Here's another thread that's sure to produce comment.
Your most embarassing blundered advantage?
At the moment, I'll have to nominate Game 513110
Moves 1-15? Great. I'm 2 pawns up, chasing the enemy king across the board. I should win.
Moves 16-22? All right. I'm one pawn up and I've got more active rooks. I have a small advantage.
Moves 23-44? Ok. Material is even, rooks are about equally active -- drawish.
Moves 45-57? Not so good. I've saced all my other pawns to get a passed pawn that he can only stop by saccing a rook. Now I'm a rook for 3 pawns, but those pawns are connected, passed, advanced, and right next to his king, and my king is nowhere to be found. I'm running scared.
Moves 57-61? Terrible. My rook bounces around helplessly while he advances.
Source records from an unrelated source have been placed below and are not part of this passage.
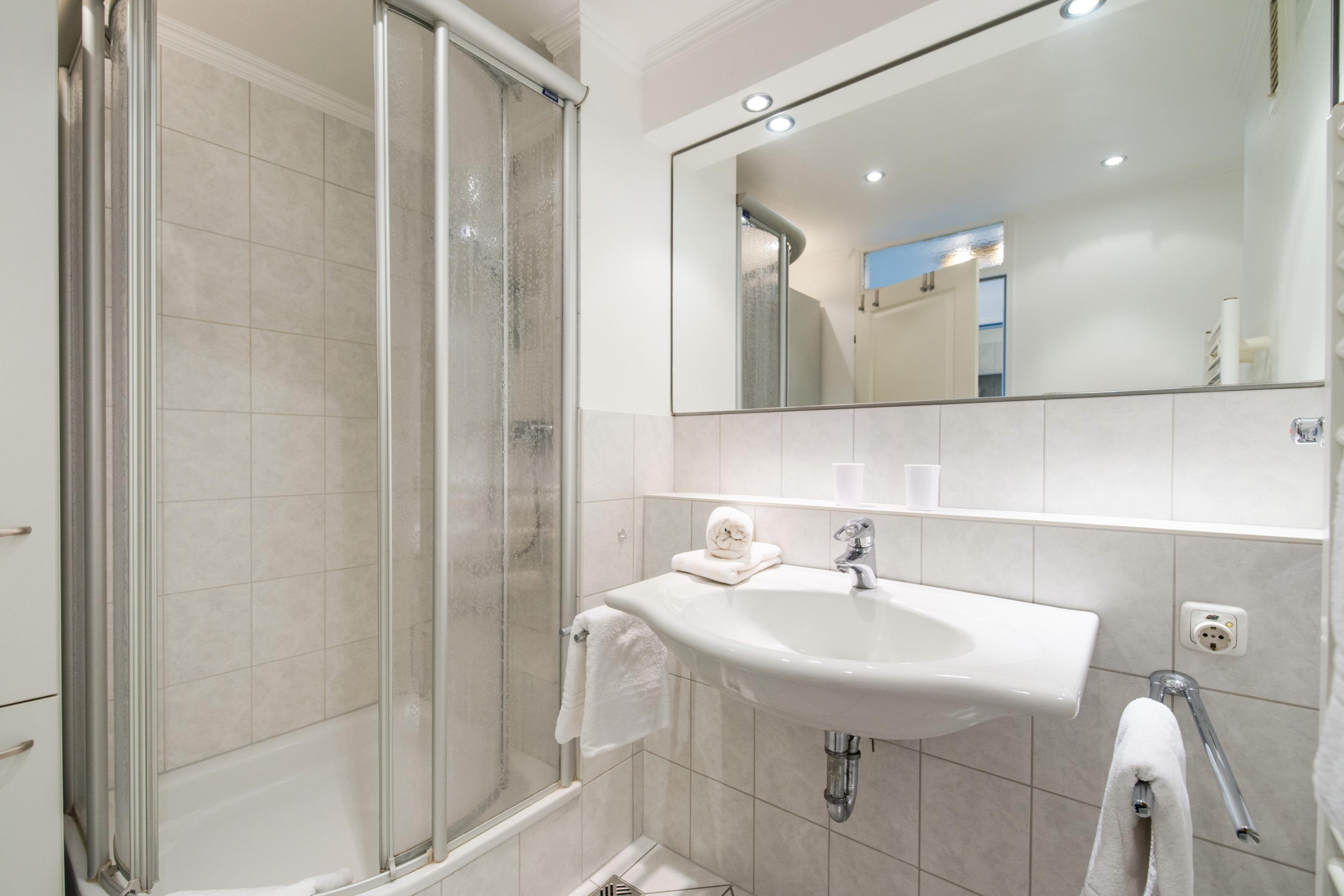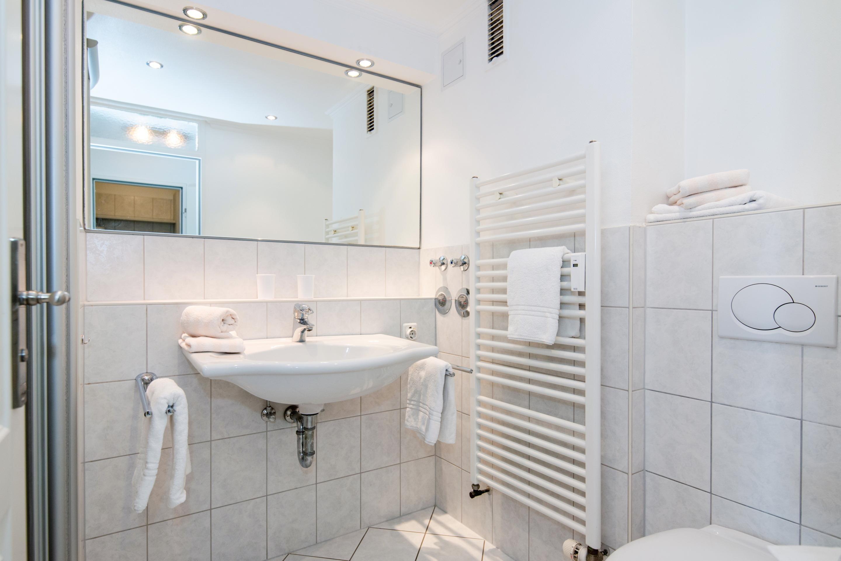 Das Bad hat eine Dusche, ein WC und ein Waschtisch.
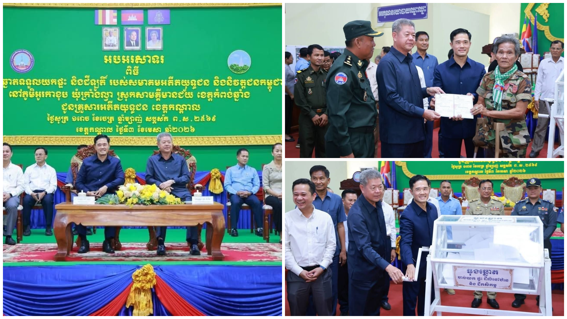 កណ្តាល៖ ក្នុងស្មារតីយកចិត្តទុកដាក់ខ្ពស់ចំពោះសុខទុក្ខ និងជីវភាពរស់នៅរបស់វីរយុទ្ធជនដែលបានលះបង់ដើម្បីបុព្វហេតុជាតិមាតុភូមិ, សមាគមអតីតយុទ្ធជនកម្ពុជា បានរៀបចំពិធីចាប់ឆ្នោតទទួលយកផ្ទះ និងដីឡូតិ៍ ជូនដល់អតីតយុ អានបន្ត
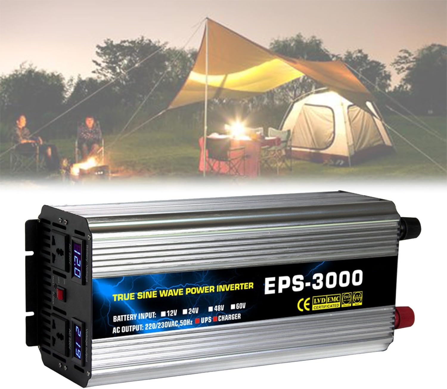 Pure Sine Wave Inverter, 3000 W Home Vehicle Voltage Converter 24 V, 48 V, 60 V, 72 V to 220 V, Suitable for Travel Camping RV,48V
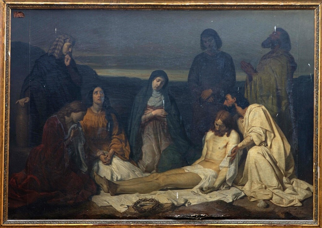 L’œuvre aurait besoin d’une restauration. La toile est endommagée à plusieurs endroits comme en témoigne la déchirure en bas du tableau. De plus, un large réseau de craquelures est présent sur l’ensemble du tableau. Enfin il faudrait retirer le vernis oxydé.
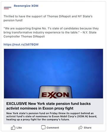 Exxon and Engine No. 1 did not respond to requests for comment.

Goodnight.
Originally posted by Paul DiracDevelop the dark-squared bishop with tempo. (Said tempo being purchased with the life of a pawn) to continue leaning on enemy king. Unfortunately, king-hunt stalled anyway. d3 would have made 1000 times more sense as defending the knight AND the pawn, thus freeing my queen to flee the impending knight harassment and buying me time to castle, etc. and consolidate my advantage.
What was the idea behind your pawn push at move 16?